▶ [Given information]:

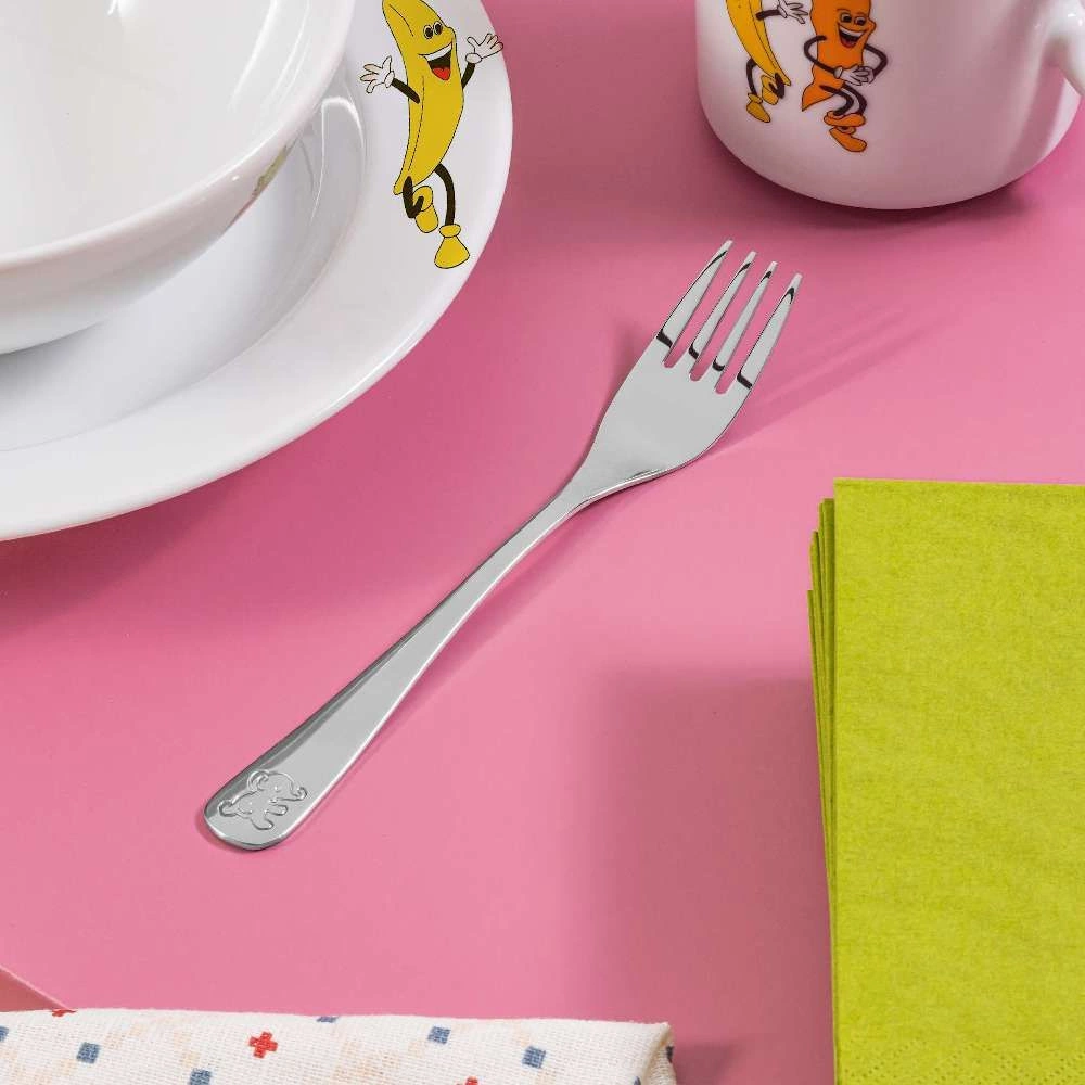 Stolní vidlička Značka Forgast z DĚTI ;Tato řada je vyrobena z nerezové oceli 18/8 a je ideální pro jesle a mateřské školy - je speciálně navržena pro malé děti. Díky roztomilému vzoru slonů na rukojeti vidličky je to skvělá volbaór pro každé malé dítě. Vysoce kvalitní zpracování.
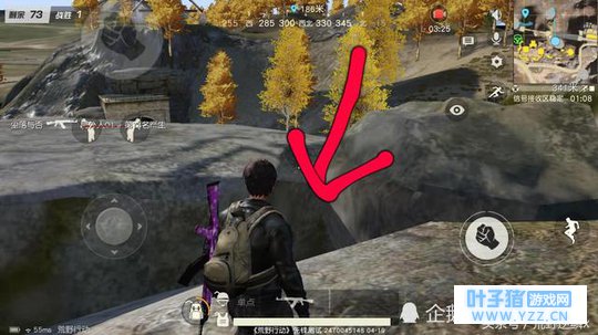 我们来到这个石头这里,只有这里才能卡到石头里面去,我们靠近那个石头缝之后,要一直往前拖动让人物跑起来,这个时候我们就要一直按跳跃键,左手移动不要放开,右手跳跃键一下一下的按,这里就可以卡进去了,不过我们靠近的时候要先把人物视角往下拉,再按照上面的方法就可以了。
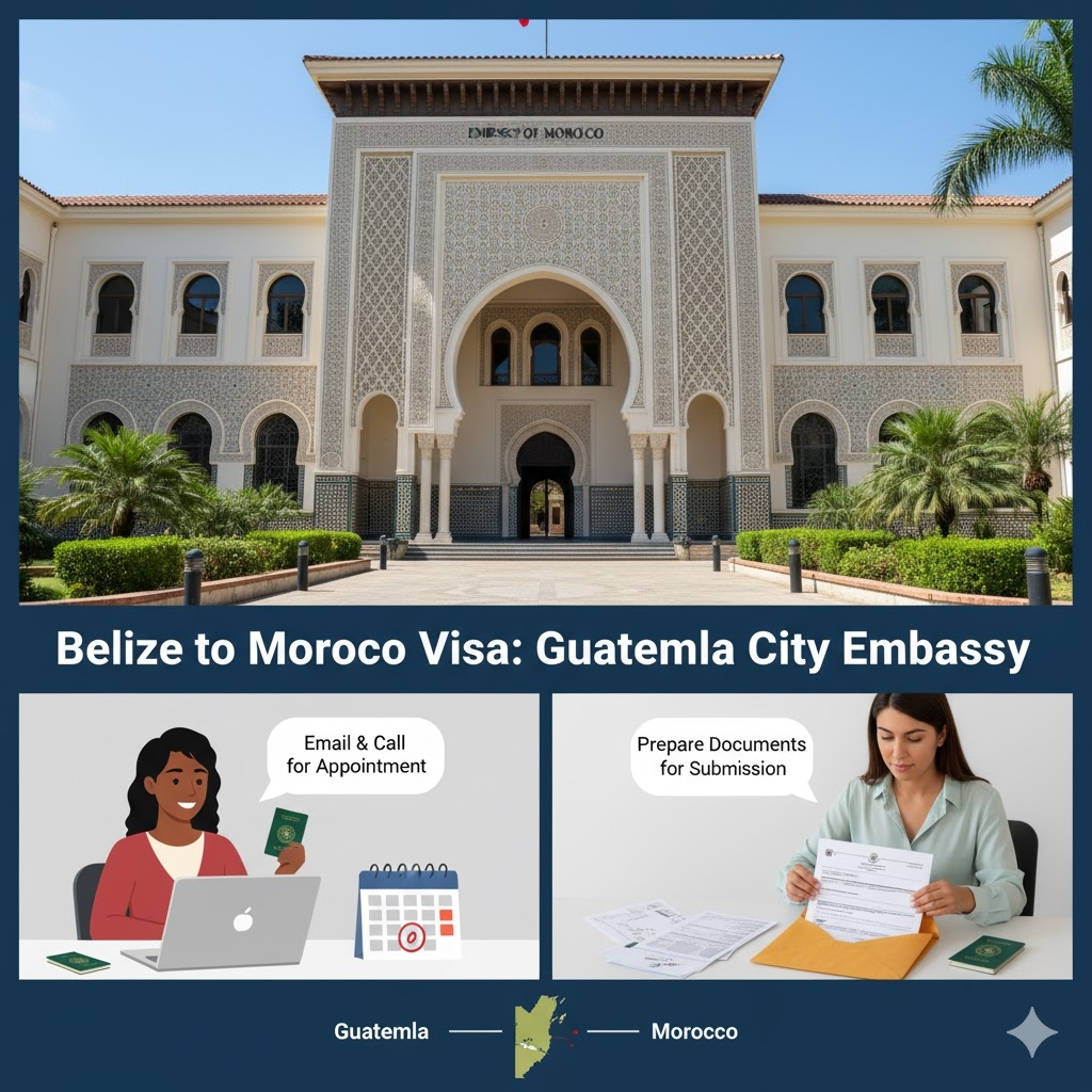 Morocco does not have an embassy in Belmopan. You will need to contact the Moroccan embassy in a nearby country, which is typically in Guatemala City, Guatemala, or Mexico City, Mexico. You must contact them directly via phone or email to ask about their specific application process, required documents, and whether you must appear in person or can submit your application by mail.
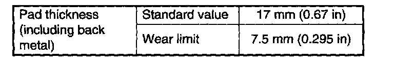 ^ A wear indicator is provided on the inner disc brake pad. If the pad wears down to such an extent that the end of the wear indicator contacts the disc rotor, a squeaking sound is produced as the wheel rotates. If this sound is heard, replace the pad.
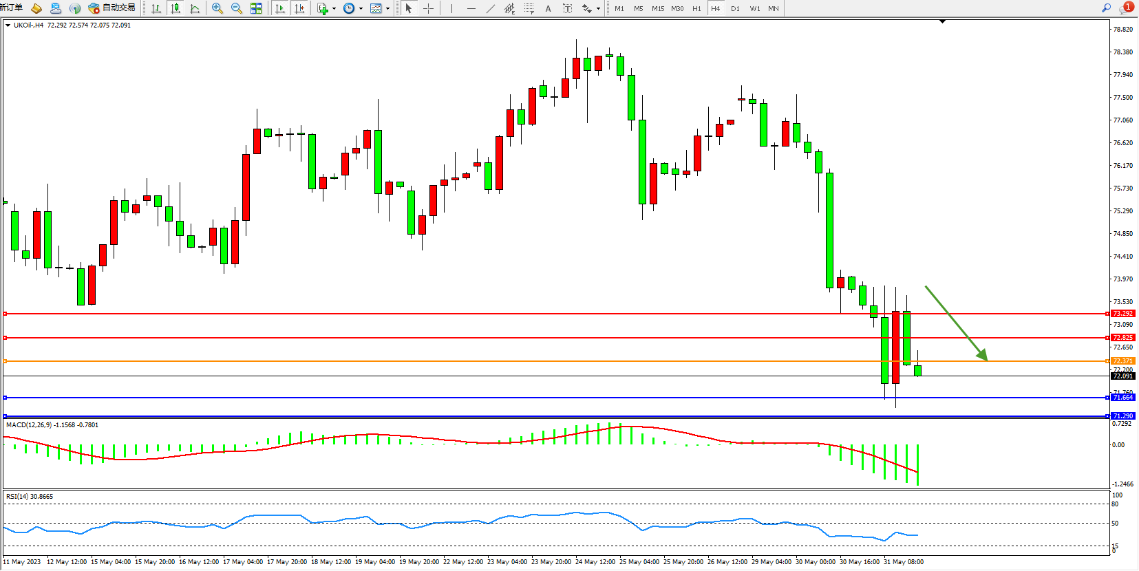 布油UKOil——4小时K线图显示:

▶ [Aim of the task]:
When you restate the listing, keep every word as it is and drop the pictures.

▶ [Answer to this problem]:
 Stolní vidlička Značka Forgast z DĚTI ;Tato řada je vyrobena z nerezové oceli 18/8 a je ideální pro jesle a mateřské školy - je speciálně navržena pro malé děti. Díky roztomilému vzoru slonů na rukojeti vidličky je to skvělá volbaór pro každé malé dítě. Vysoce kvalitní zpracování.
 我们来到这个石头这里,只有这里才能卡到石头里面去,我们靠近那个石头缝之后,要一直往前拖动让人物跑起来,这个时候我们就要一直按跳跃键,左手移动不要放开,右手跳跃键一下一下的按,这里就可以卡进去了,不过我们靠近的时候要先把人物视角往下拉,再按照上面的方法就可以了。
 Morocco does not have an embassy in Belmopan. You will need to contact the Moroccan embassy in a nearby country, which is typically in Guatemala City, Guatemala, or Mexico City, Mexico. You must contact them directly via phone or email to ask about their specific application process, required documents, and whether you must appear in person or can submit your application by mail.
 ^ A wear indicator is provided on the inner disc brake pad. If the pad wears down to such an extent that the end of the wear indicator contacts the disc rotor, a squeaking sound is produced as the wheel rotates. If this sound is heard, replace the pad.
 布油UKOil——4小时K线图显示:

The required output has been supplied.